[Dataset excerpts]
▬▬▬▬▬▬

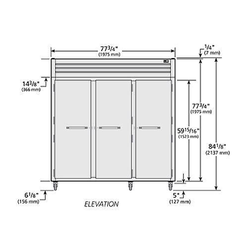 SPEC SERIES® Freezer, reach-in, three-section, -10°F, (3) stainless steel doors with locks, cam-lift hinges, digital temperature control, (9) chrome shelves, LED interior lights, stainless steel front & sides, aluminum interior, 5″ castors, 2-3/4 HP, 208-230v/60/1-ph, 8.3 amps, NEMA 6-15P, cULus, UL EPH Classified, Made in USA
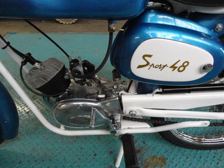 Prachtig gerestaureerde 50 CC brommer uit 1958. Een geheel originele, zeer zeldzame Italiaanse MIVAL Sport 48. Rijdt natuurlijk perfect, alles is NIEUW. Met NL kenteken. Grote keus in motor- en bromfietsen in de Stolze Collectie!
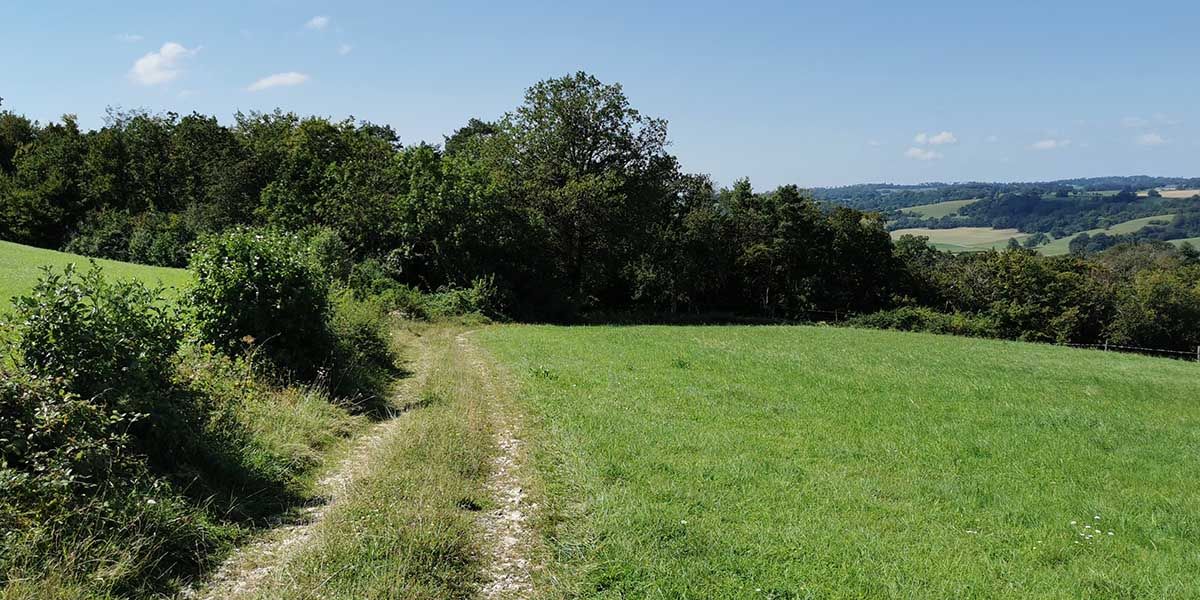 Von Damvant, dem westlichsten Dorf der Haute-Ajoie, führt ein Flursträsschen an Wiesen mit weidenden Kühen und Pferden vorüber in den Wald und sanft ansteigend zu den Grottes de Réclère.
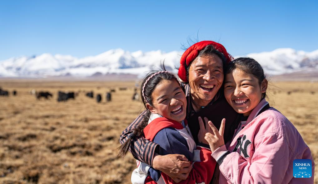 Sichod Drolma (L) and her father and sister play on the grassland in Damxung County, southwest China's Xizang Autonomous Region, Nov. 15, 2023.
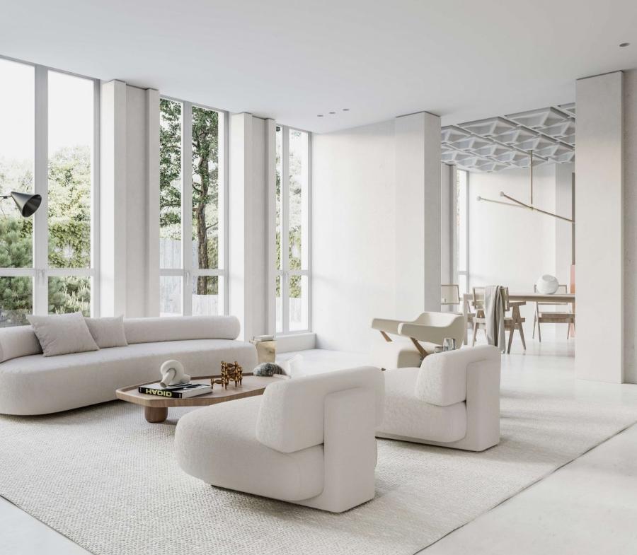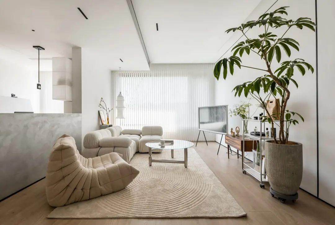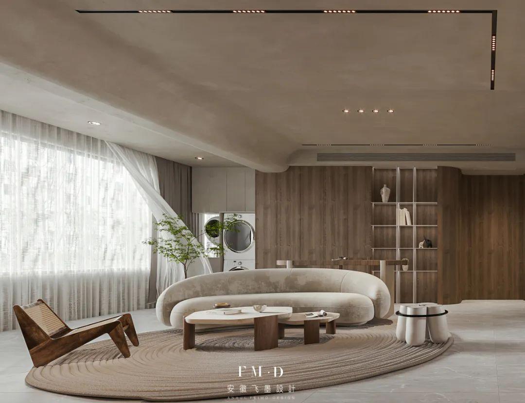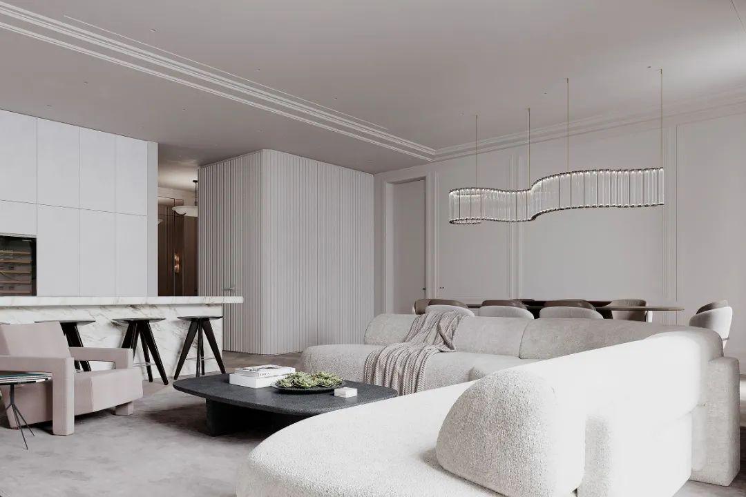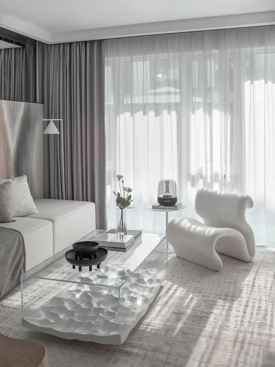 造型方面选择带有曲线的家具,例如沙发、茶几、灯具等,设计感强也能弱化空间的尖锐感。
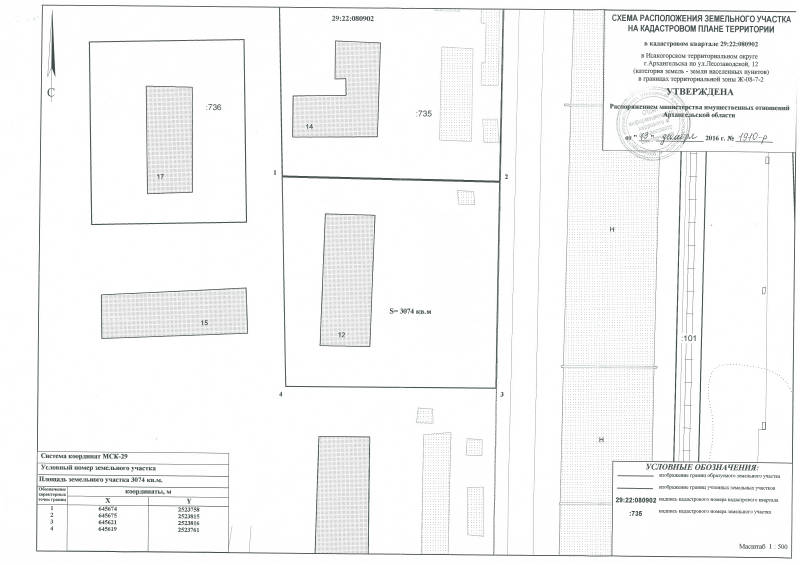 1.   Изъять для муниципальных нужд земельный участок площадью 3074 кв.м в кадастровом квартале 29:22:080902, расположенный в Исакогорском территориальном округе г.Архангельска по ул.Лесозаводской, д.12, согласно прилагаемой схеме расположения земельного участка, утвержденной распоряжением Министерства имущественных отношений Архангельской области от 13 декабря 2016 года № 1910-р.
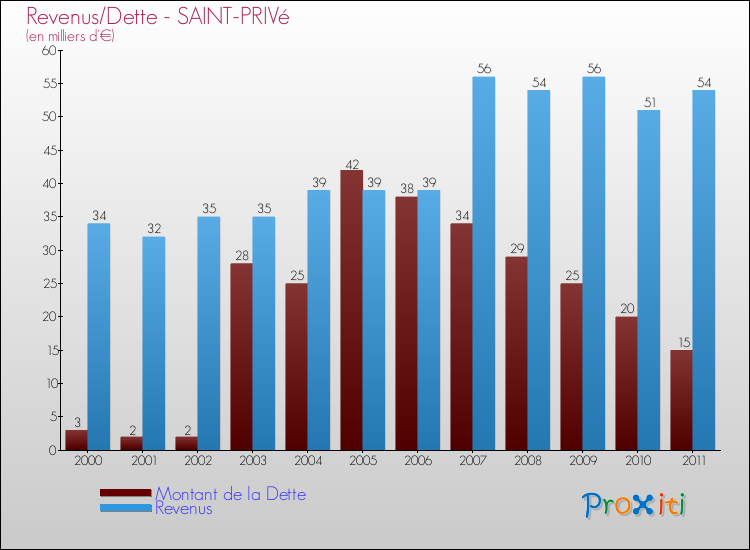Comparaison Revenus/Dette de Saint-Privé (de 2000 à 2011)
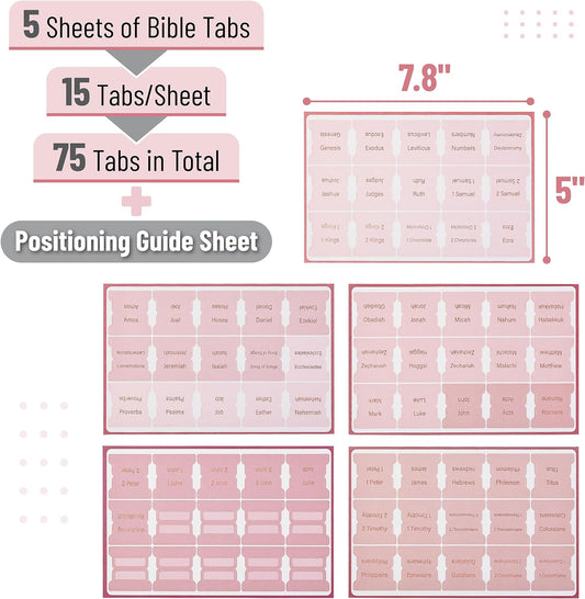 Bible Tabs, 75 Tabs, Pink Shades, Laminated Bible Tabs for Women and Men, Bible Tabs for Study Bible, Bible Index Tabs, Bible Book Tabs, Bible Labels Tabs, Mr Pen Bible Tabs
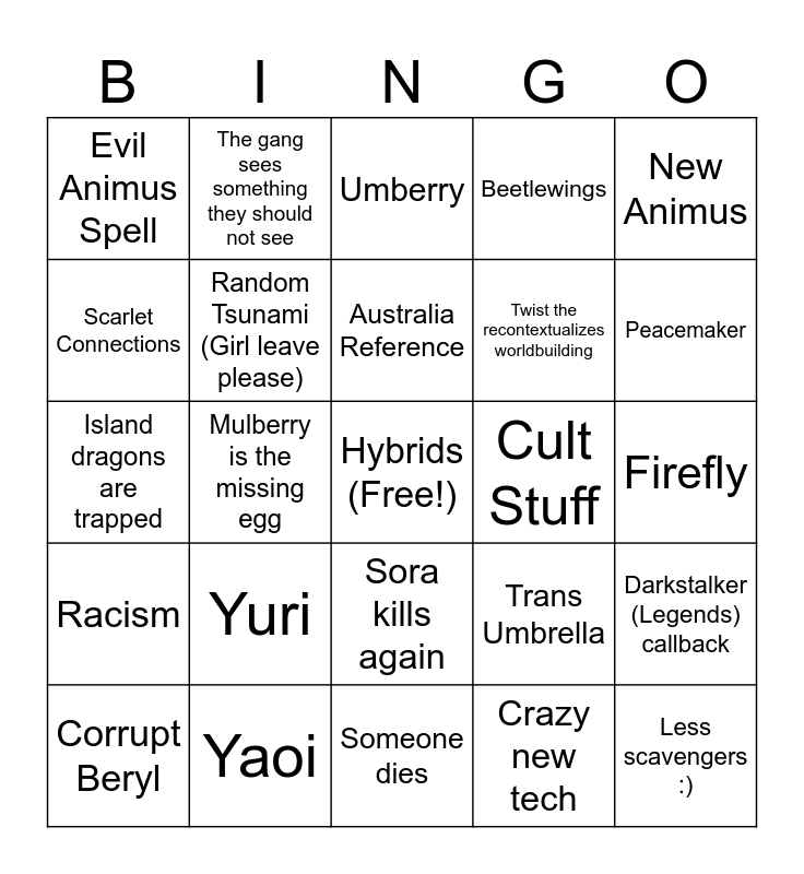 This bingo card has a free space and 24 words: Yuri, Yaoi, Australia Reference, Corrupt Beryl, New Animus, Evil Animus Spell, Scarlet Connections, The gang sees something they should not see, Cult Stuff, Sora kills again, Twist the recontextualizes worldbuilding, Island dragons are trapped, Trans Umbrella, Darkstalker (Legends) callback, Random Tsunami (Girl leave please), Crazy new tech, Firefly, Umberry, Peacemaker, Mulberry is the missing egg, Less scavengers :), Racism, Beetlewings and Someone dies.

▬▬▬▬▬▬

**WORK INSTRUCTION**
Please print each of the records word for word, keeping the pictures out.

**ANSWER BOX**
 SPEC SERIES® Freezer, reach-in, three-section, -10°F, (3) stainless steel doors with locks, cam-lift hinges, digital temperature control, (9) chrome shelves, LED interior lights, stainless steel front & sides, aluminum interior, 5″ castors, 2-3/4 HP, 208-230v/60/1-ph, 8.3 amps, NEMA 6-15P, cULus, UL EPH Classified, Made in USA
 Prachtig gerestaureerde 50 CC brommer uit 1958. Een geheel originele, zeer zeldzame Italiaanse MIVAL Sport 48. Rijdt natuurlijk perfect, alles is NIEUW. Met NL kenteken. Grote keus in motor- en bromfietsen in de Stolze Collectie!
 Von Damvant, dem westlichsten Dorf der Haute-Ajoie, führt ein Flursträsschen an Wiesen mit weidenden Kühen und Pferden vorüber in den Wald und sanft ansteigend zu den Grottes de Réclère.
 Sichod Drolma (L) and her father and sister play on the grassland in Damxung County, southwest China's Xizang Autonomous Region, Nov. 15, 2023.
 造型方面选择带有曲线的家具,例如沙发、茶几、灯具等,设计感强也能弱化空间的尖锐感。
 1.   Изъять для муниципальных нужд земельный участок площадью 3074 кв.м в кадастровом квартале 29:22:080902, расположенный в Исакогорском территориальном округе г.Архангельска по ул.Лесозаводской, д.12, согласно прилагаемой схеме расположения земельного участка, утвержденной распоряжением Министерства имущественных отношений Архангельской области от 13 декабря 2016 года № 1910-р.
Comparaison Revenus/Dette de Saint-Privé (de 2000 à 2011)
 Bible Tabs, 75 Tabs, Pink Shades, Laminated Bible Tabs for Women and Men, Bible Tabs for Study Bible, Bible Index Tabs, Bible Book Tabs, Bible Labels Tabs, Mr Pen Bible Tabs
 This bingo card has a free space and 24 words: Yuri, Yaoi, Australia Reference, Corrupt Beryl, New Animus, Evil Animus Spell, Scarlet Connections, The gang sees something they should not see, Cult Stuff, Sora kills again, Twist the recontextualizes worldbuilding, Island dragons are trapped, Trans Umbrella, Darkstalker (Legends) callback, Random Tsunami (Girl leave please), Crazy new tech, Firefly, Umberry, Peacemaker, Mulberry is the missing egg, Less scavengers :), Racism, Beetlewings and Someone dies.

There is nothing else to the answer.